[TASK DIRECTIONS] Take the entries below and reproduce exactly the portion that begins at the line containing "ヘコむあだ名 | 『みや太郎』『みやにー』『酢こんぶ』 |" and ends at the line containing "exterior shot modern", keeping both ends, dropping pictures, and adding nothing else.

[Records from a data collection]
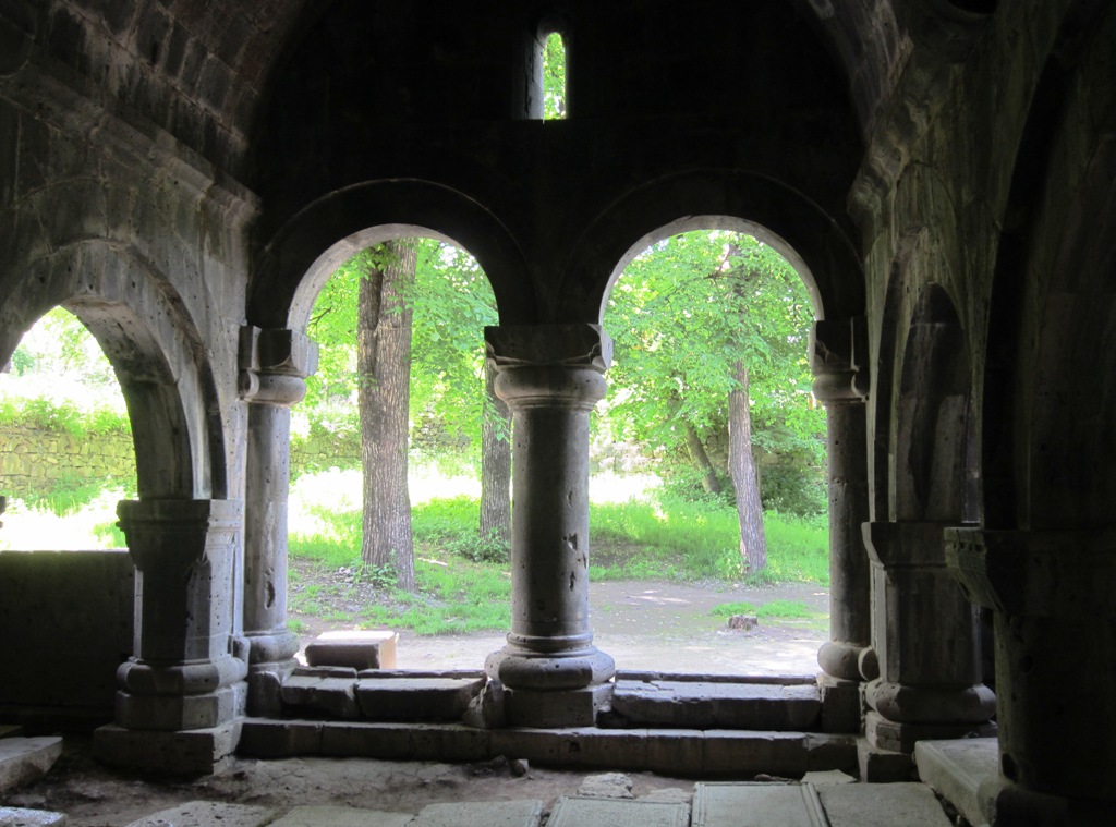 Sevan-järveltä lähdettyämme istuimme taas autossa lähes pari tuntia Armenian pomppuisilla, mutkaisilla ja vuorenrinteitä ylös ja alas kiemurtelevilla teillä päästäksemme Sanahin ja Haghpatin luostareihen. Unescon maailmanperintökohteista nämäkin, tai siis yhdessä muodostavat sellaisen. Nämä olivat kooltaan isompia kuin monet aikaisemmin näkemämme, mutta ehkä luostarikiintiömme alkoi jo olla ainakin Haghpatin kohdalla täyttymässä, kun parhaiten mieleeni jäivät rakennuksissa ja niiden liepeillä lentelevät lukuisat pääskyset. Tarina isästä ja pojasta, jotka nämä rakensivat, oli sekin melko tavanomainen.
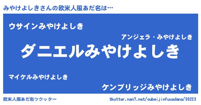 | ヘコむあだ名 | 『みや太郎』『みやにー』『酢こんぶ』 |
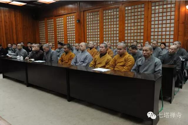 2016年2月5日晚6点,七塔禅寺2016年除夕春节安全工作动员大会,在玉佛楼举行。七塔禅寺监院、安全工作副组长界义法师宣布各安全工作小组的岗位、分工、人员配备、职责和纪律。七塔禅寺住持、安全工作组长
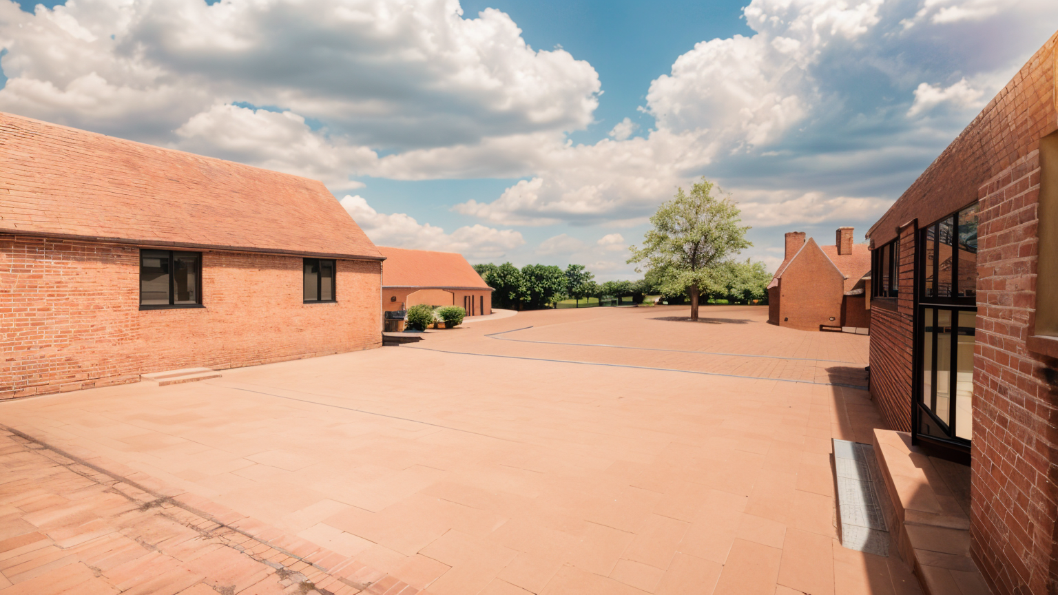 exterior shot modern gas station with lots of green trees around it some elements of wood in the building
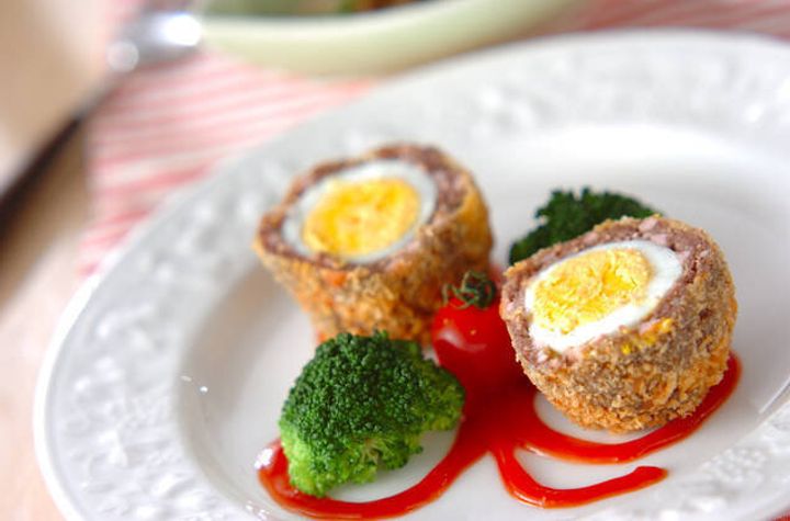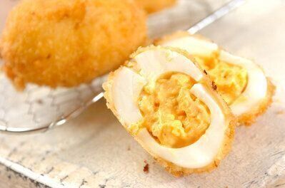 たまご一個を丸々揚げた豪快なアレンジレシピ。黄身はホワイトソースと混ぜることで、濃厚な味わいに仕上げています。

[THE ANSWER]
 | ヘコむあだ名 | 『みや太郎』『みやにー』『酢こんぶ』 |
 2016年2月5日晚6点,七塔禅寺2016年除夕春节安全工作动员大会,在玉佛楼举行。七塔禅寺监院、安全工作副组长界义法师宣布各安全工作小组的岗位、分工、人员配备、职责和纪律。七塔禅寺住持、安全工作组长
 exterior shot modern gas station with lots of green trees around it some elements of wood in the building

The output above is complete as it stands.